あ、スライムかどうかすら分からないのか。
まぁどっからどう見てもスライムなんだが。
とはいえ、大きさは確かに大きい。
狼に襲い掛かってた時はまだ小さかったが、狼を取り込んでから俺の膝までの大きさに、魚を食べてから腰までの大きさになっている。
「ん?こいつって契約出来るのか?」
「え、契約?出来るんじゃない?なんか懐いてるし」
違うぞ、こいつは懐いている訳ではないぞ。
水色の触手が手に絡みついているがこれは懐いているからではない。
エサの催促だ。
ハイハイ、しっかり食べて大きくなるんだよー。
「いや、ペットじゃねえんだからよ。ってかお前、『契約』ってことはジョブは『調教師』か?」
「うん、そうだよー」
「・・・・・・」
ユズキが何か言いたそうな目でこちらを見ているが気にしない。
ま、似たようなものだろうし、ジョブの情報は切り札にもなるらしいからな。
「いや、あのよ。流石に今までの付き合いでお前が嘘ついてるかぐらいは分かるぞ」
「何!」
「何心底驚いてんだよ!、どんだけ馬鹿にしてんだ!」
「悪い悪い、ジョークジョーク」
「てめぇ真顔だからジョークか真剣か分かりずれぇんだよ!」
いやぁ、返しが面白いからついついからかってしまうな。
さて、それよりもこのスライムだ。
「契約」
スキルを使用すると、スライムの情報と契約するかどうかの選択肢が表示される。
『はい』を選択すると表示が消えるのだが、スライムと契約したという表示が出てこない。
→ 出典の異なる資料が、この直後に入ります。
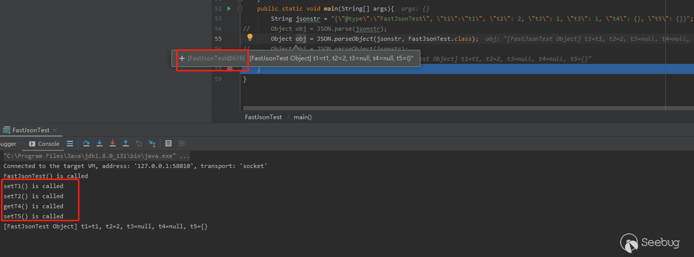 這次結果與上兩次大不相同,FastJsonTest類中的所有getter與setter都被調用了,并且JSON.parseObject(jsonstr);返回一個JSONObject對象
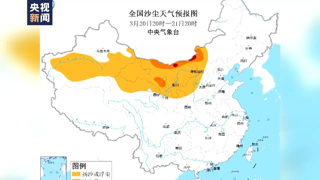 中央气象台3月20日18时发布大风降温预报,并继续发布沙尘暴蓝色预警。受冷空气大风影响,预计3月20日20时至21日20时,新疆南部和东部、青海北部、甘肃中西部、内蒙古中西部、宁夏、陕西北部、山西西部等地的部分地区有扬沙或浮尘天气,其中,内蒙古中西部的偏北地区、甘肃西部等地的部分地区有沙尘暴,局地有强沙尘暴。
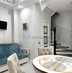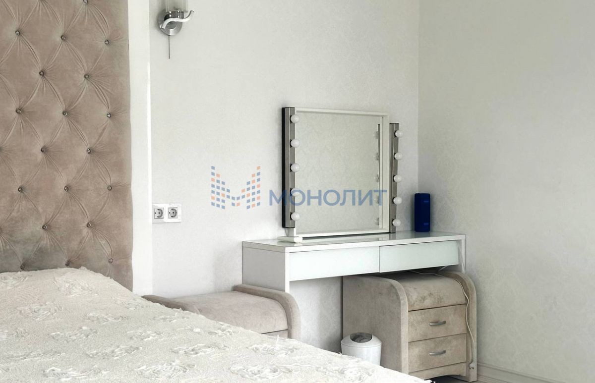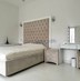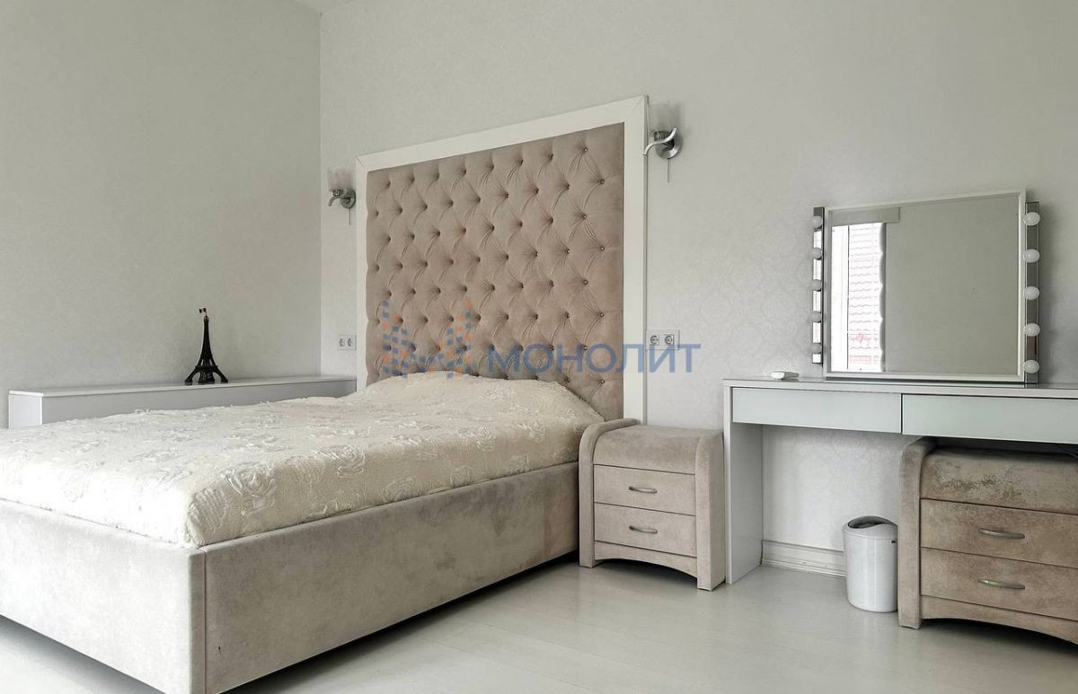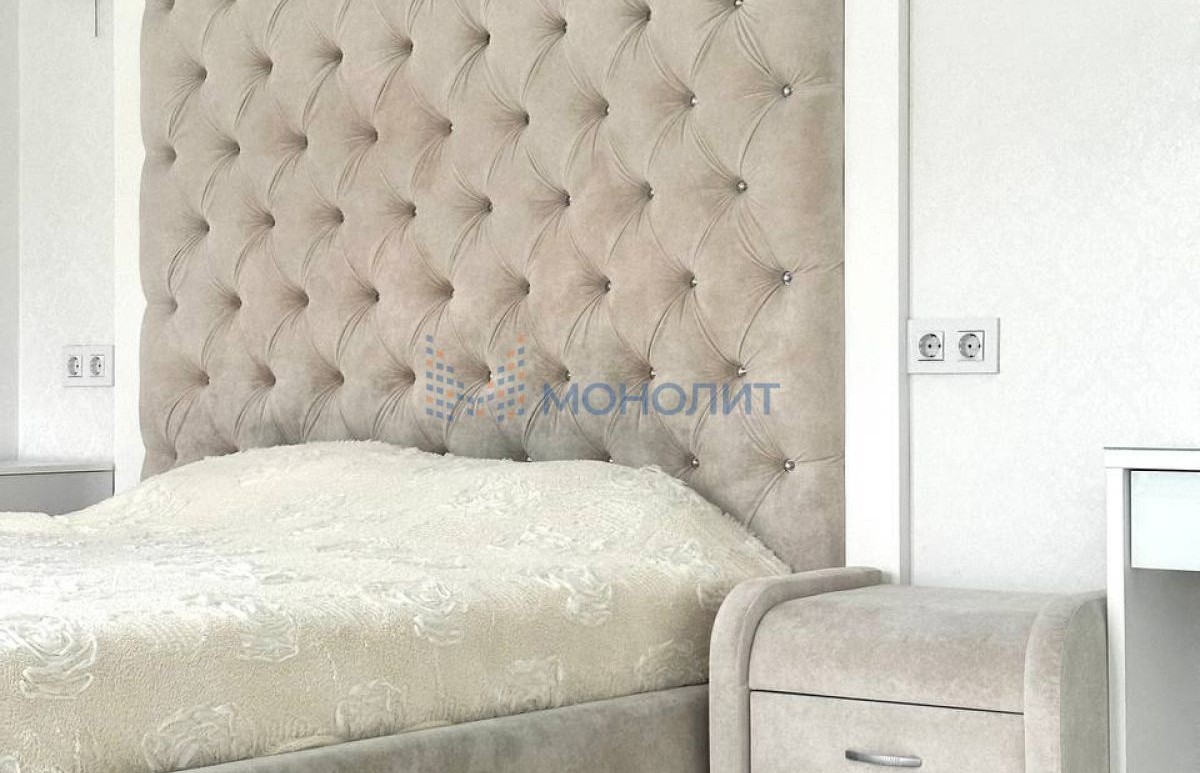 - Спальная комната с шикарной двуспальной кроватью, прикроватными тумбочками, трюмо и мягкий дизайнерский подоконник.
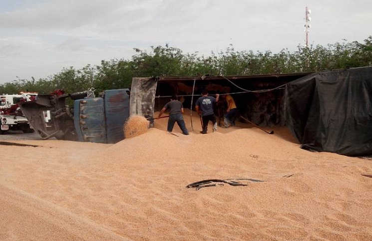 Un tráiler cargado con 30 toneladas de maíz volcó sobre el anillo periférico de esta ciudad, ocasionando el cierre parcial de la avenida por más de dos horas.
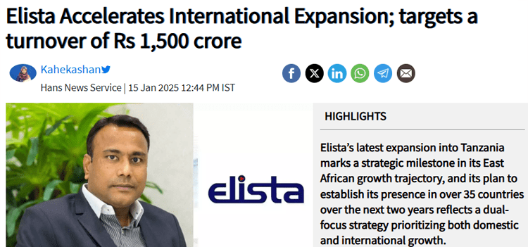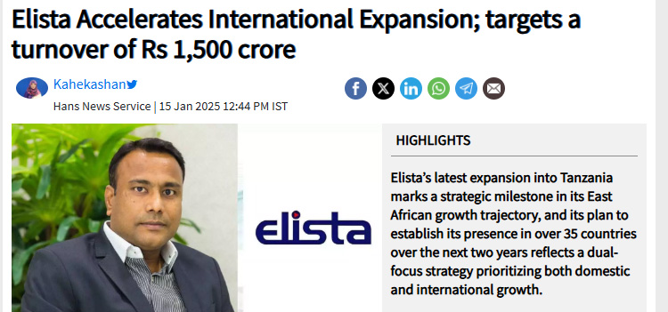 Elista Accelerates International Expansion; targets a turnover of Rs 1,500 crore
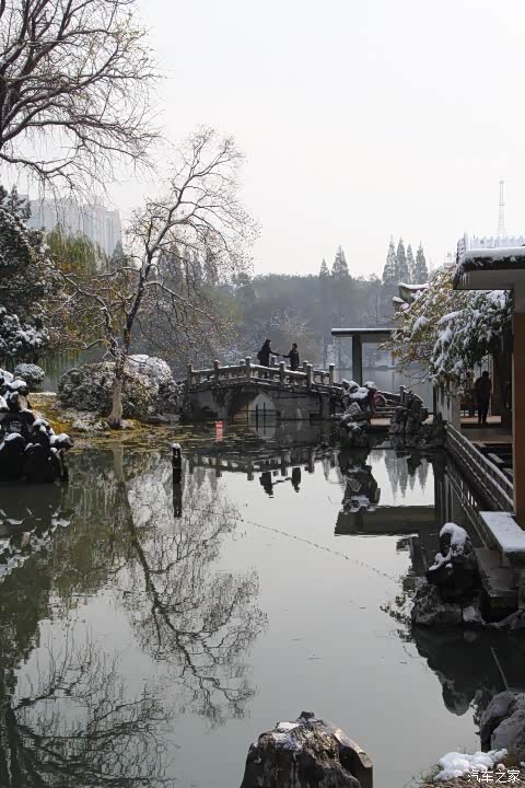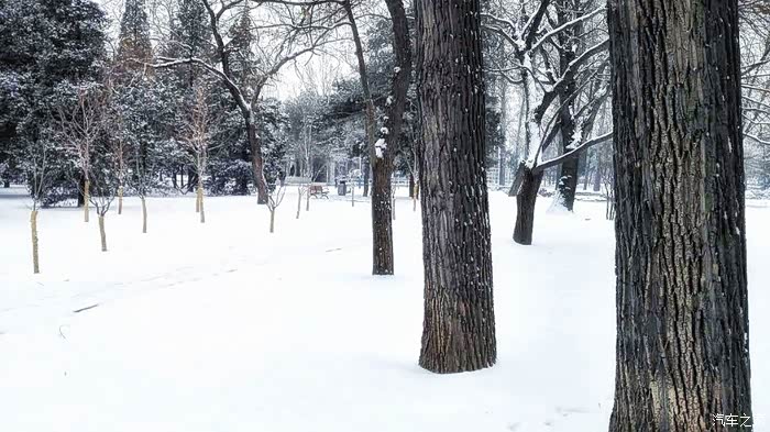 初雪让城市的公园 有一种冷静的美丽,静静的欣赏 慢慢的走着
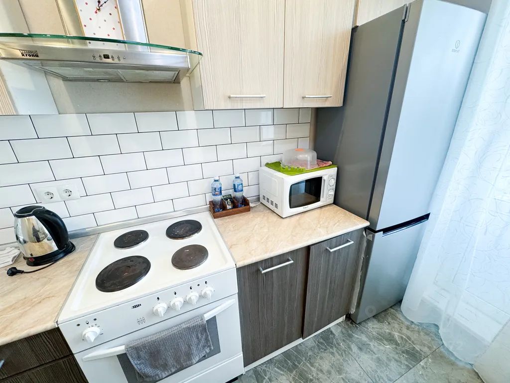 Бытовая техника: холодильник, плита, микроволновка, чайник, телевизор, стиральная машина, фен, утюг.
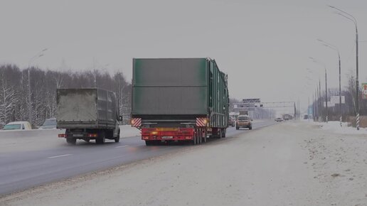 Перевозка зерносушилки на 4-осном полуприцепе Тверьстроймаш.
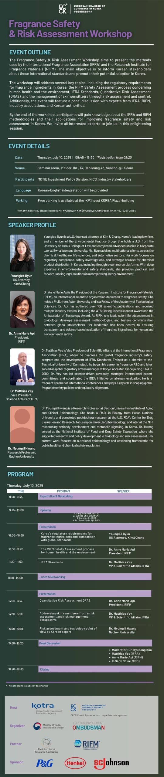 The ECCK Chemical Committee is pleased to invite you to the upcoming Fragrance Safety & Risk Assessment Workshop. Please save the date and join us for an engaging session on fragrance knowledge, safety, and risk assessment.
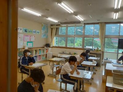 7月22日(月)に夏休みのサマースクールがありました。22日(月)と23日(火)の二日間、地域のボランティアの皆様を講師に、子ども達へ習字と工作の指導や支援を行っていただく教室です。第1日目の今回は6名の地域ボランティアの皆様にお世話になり、小学生、中学生に分かれて、習字の教室を行いました。
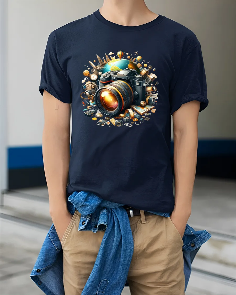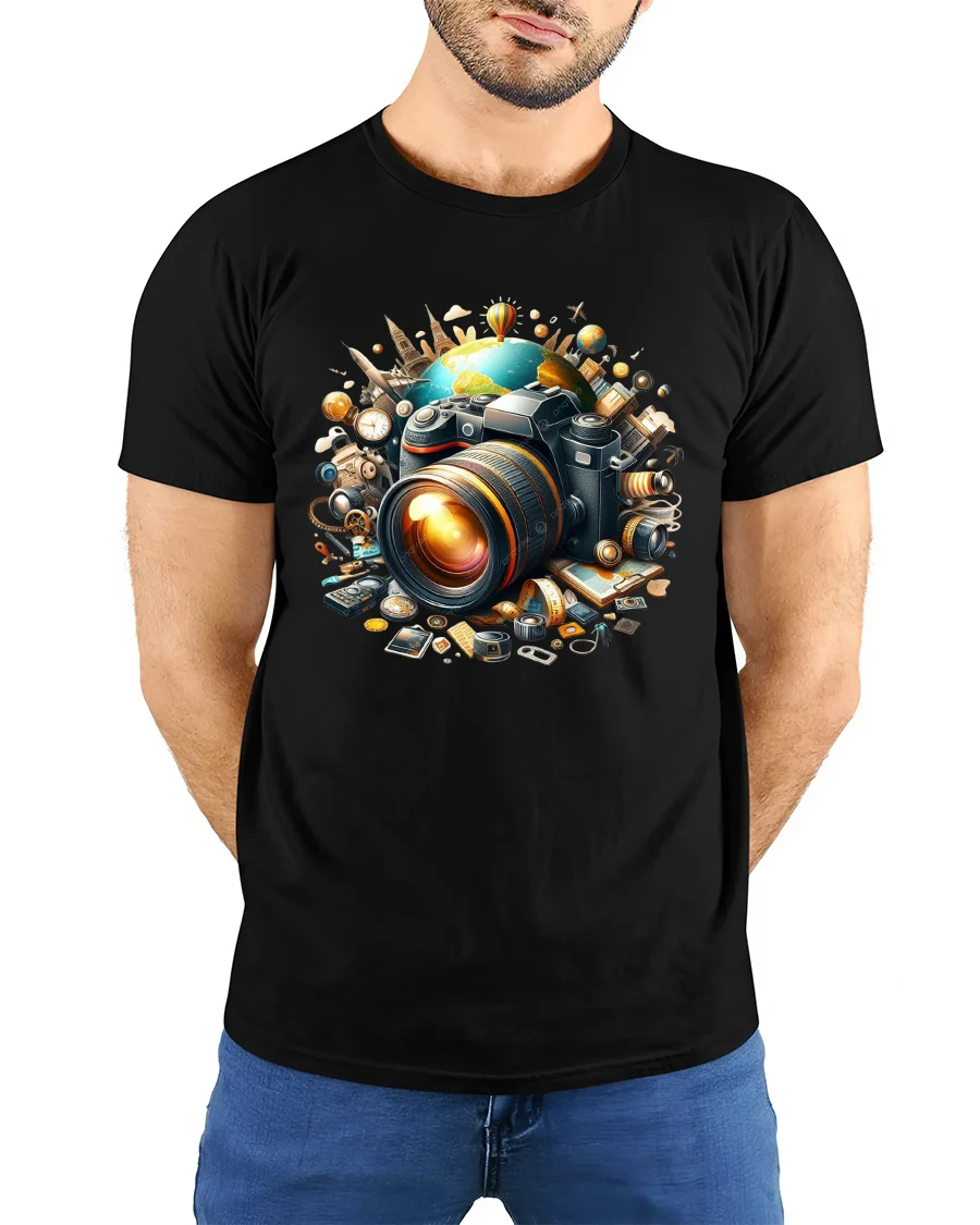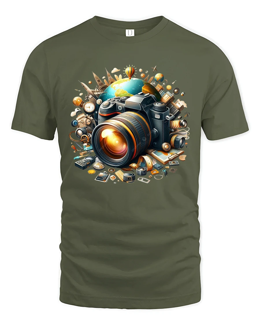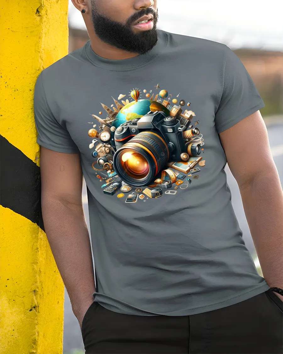 Perfect as a fun everyday tee or a stylish choice for any photography enthusiast, it adds personality and wanderlust to any outfit. With its detailed illustration and creative composition, this design makes a bold statement about your passion for the world and the stories captured through a camera lens.
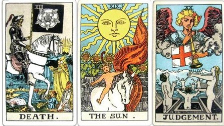 以伟特塔罗牌为例,大牌牌图里出现旗帜的一共有三张牌:死神、太阳、审判。
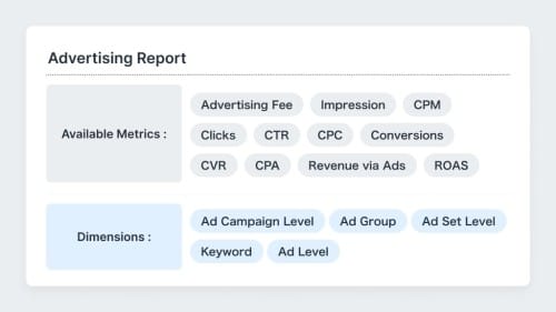 Dengan penambahan ini, pengguna AnyX dapat mengelola, menyatukan, dan menganalisis data dari platform periklanan seperti Google Ads, Facebook Ads, dan TikTok Ads secara terpusat, di samping Yahoo! JAPAN Ads, serta data dari saluran e-commerce, logistik, dan keterlibatan pelanggan. Data dapat diakses berdasarkan campiagn, grup iklan, set iklan, kata kunci, dan materi iklan, sehingga memungkinkan analisis mendalam mengenai performa iklan di berbagai sudut dan metrik termasuk belanja iklan, tayangan, cost-per-mille (CPM), klik, clickthrough rate (CTR), cost-per-click (CPC), konversi, rasio konversi, cost-per-acquisition (CPA).
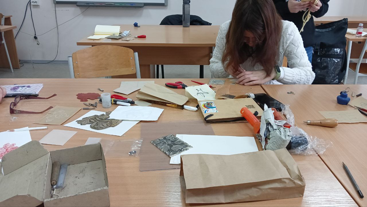 Студентки Фахового коледжу 06 грудня відвідали майстер клас з графіки. Студентки 2 курсу спеціальності Дизайн знайомляться з технікою "ліногравюра" на майстер-класі Факультет образотворчого мистецтва і дизайну Університету Грінченка від викладачки Діани Качуровської. Викладачка ознайомила студентів з технологією та історією виготовлення друкованої графіки, розповіла про різні види відбитків та методи їх виконання, а також студенти отримали змогу спробувати вирізати на лінолеумі за допомогою спеціальних різців творчу композицію.
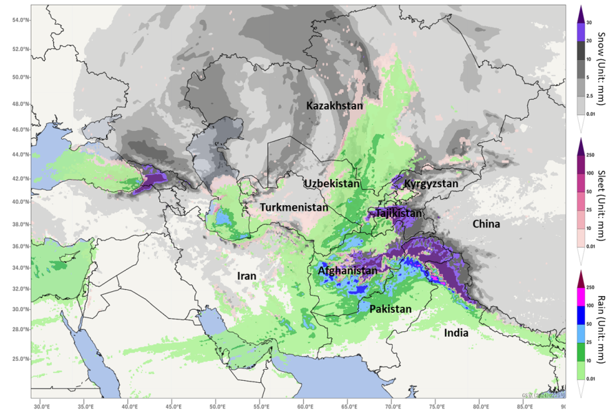 Recently, the southeastern part of Eastern Europe, the western part of Central Asia, and the western part of Western Asia have been affected by a cut-off cold vortex, resulting in rainy and snowy weather with temperature drops. It is expected that from February 24th to 27th, the cold vortex will continue to intensify and move slowly southeastward, controlling the northern parts of Central Asia and Western Asia (Figure 1). The warm and moist airflows from the Mediterranean, the Persian Gulf, and the Caspian Sea, which are incorporated into the cyclonic circulation of the cold vortex, and the cold air mass from high latitudes will converge, bringing widespread rain and snow to the northern part of Central Asia and Western Asia. Moderate to heavy snowfall is expected in Afghanistan, northern Pakistan, Tajikistan, eastern Turkmenistan, eastern Uzbekistan, Kyrgyzstan, and southeastern Kazakhstan. Among these areas, the northeastern part of Pakistan and eastern Tajikistan, under the influence of the uplift of the Pamir Plateau and surrounding mountainous terrain, will experience a significant increase in precipitation, with extremely severe snowstorms locally (Figure 2).
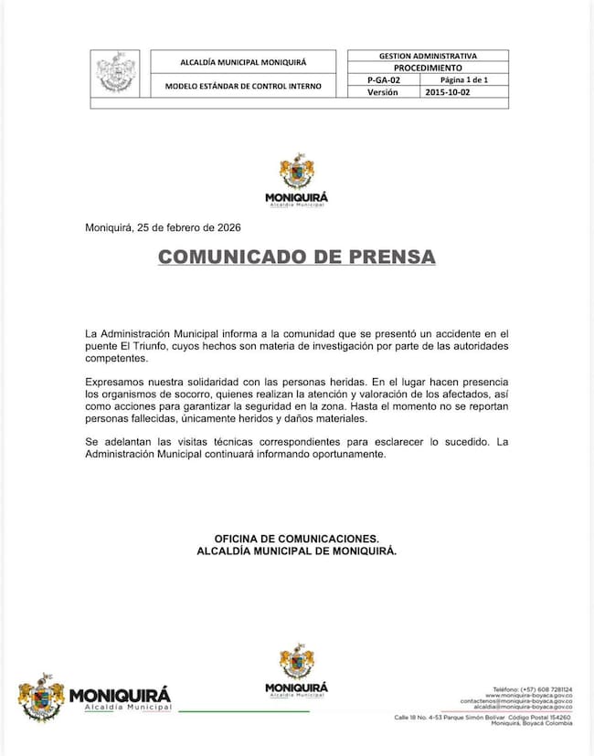 La obra del puente Triunfo hacía parte de la estrategia departamental ‘Así va la obra’, impulsada por el Gobierno de Boyacá para el seguimiento de proyectos de infraestructura. Esta intervención buscaba restablecer la conectividad de un corredor estratégico para la economía, el turismo y el desarrollo agroindustrial de la provincia Ricaurte, objetivo que ahora queda en incertidumbre tras el colapso de la estructura.
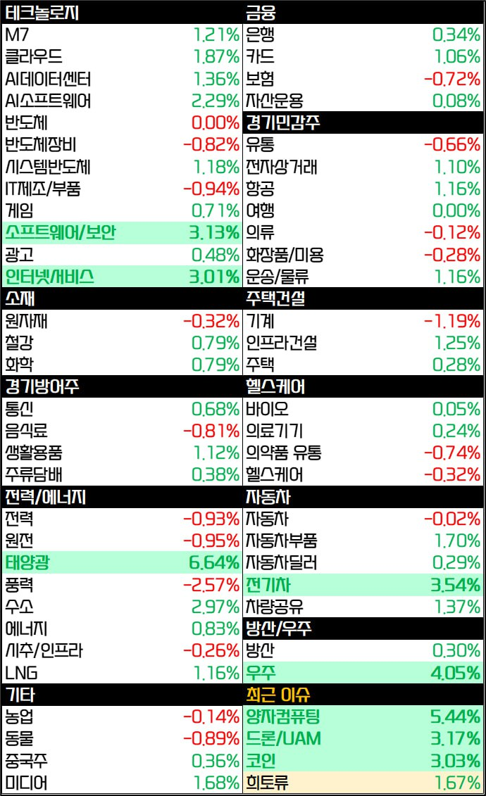 - - 섹터별로는 빅테크 포함 섹터 강세, 나머지 섹터 약세. 금리 민감 및 방어 섹터 약세
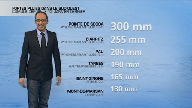En plaine, s'il n'a pas neigé en raison de températures qui resteront relativement douces, il est néanmoins tombé sur de nombreuses villes entre 150 et 300 mm de pécipitations, de Biarritz à Mont-de-Marsan en passant par Saint-Girons. En un peu plus de 10 jours, il est donc tombé par endroit l'équivalent de plus de deux mois de pluies ! A la pointe de Socoa, on a mesuré en 15 jours l'équivalent de 6 mois de pluies sur Paris...
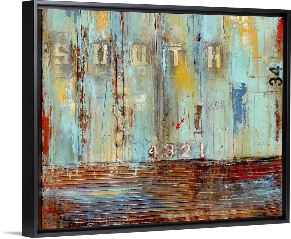 <p>Contemporary abstract painting using colors in a rustic weathered fashion with stenciled letters.</p>
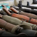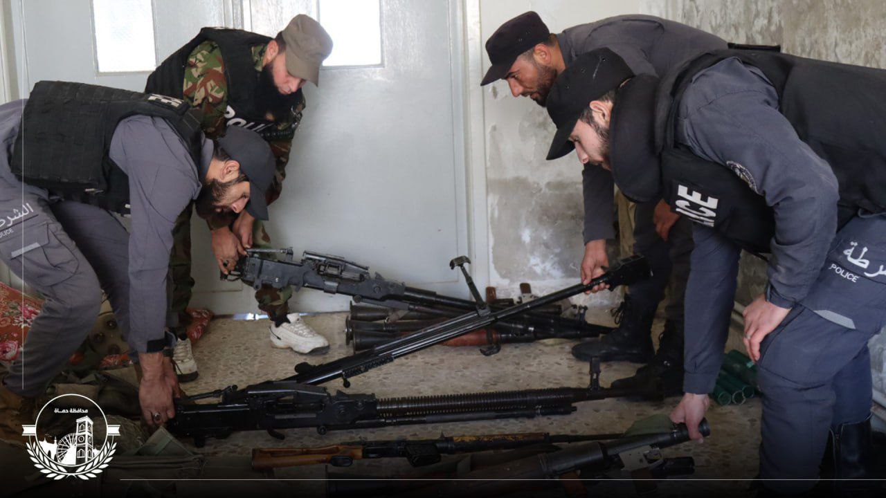 جانب من عمليات تسليم الأسلحة والعتاد العسكري لوحدات وزارة الداخلية في قرية بشنين، بالتنسيق مع مدير منطقة مصياف، السيد محمد طعمة.
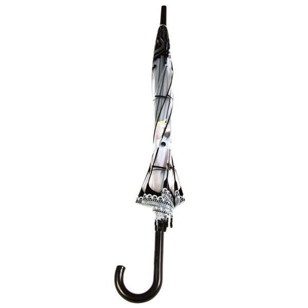 Blijf droog en schoon met de Esschert Design paraplu vogelkooi! Deze paraplu is gemaakt van een stevig stalen frame met 8 baleinen en een sterk skelet waardoor deze paraplu je hele lichaam beschermt, zelfs in een storm. Dankzij het mooie design met print van 4 vogels en een kooipatroon is de paraplu zowel functioneel als stijlvol. Met deze Esschert Design paraplu kan je heerlijk wandelen als het regent! Afmeting: 81 x 83,3 cm. Kleur: zwart/transparant.

多分バルムンクの時と同じで、相手の了承を得ないといけないのだろう。
つまり交渉しないといけない訳だ。
「えーと、『すぃ』が名前であっているか?」
こくっ
おお、魚を口に入れながら頷いたぞ。
取りあえずこちらの言葉は理解してくれてるようだ。
「今から契約したいんだが、俺としてくれるか?」
・・・・・・
おや、反応がない。
いや、違う。残りの魚に釘付けだ。
「あー、残りの魚なら食べていいぞ」
『すぃと契約しました』
・・・・・・はたしてこれでいいのだろうか。
というかこれは契約というよりも餌付けというんじゃ。
「ぶ、はははは!なんだそりゃ!餌付けじゃねぇか!」
「・・・・・・」
あれ、ユズキからは反応が・・・・・・肩を震わせてる。
「で、そいつの種族は結局何なんだよ」
「えーと、ちょっと待って」
ステータスウィンドウを表示して契約対象欄を見ていく。
しっかりと『すぃ』という名が表示されてたのでそれをタッチすると——
「・・・・・・」
「おい、どうした?」
「八咫、お前の言う通り、スライムではなかったよ」
「お、そうなのかよ。で、結局何なんだ」
「ウィンディーネだそうだ」
『・・・・・・』
それまで笑っていた二人とも唖然としてすぃを見ている。
ただ俺はそんな事を気にする余裕すらなかった。
二人には見えてなかったが、俺のウィンドウにはハッキリと表示されていたからだ。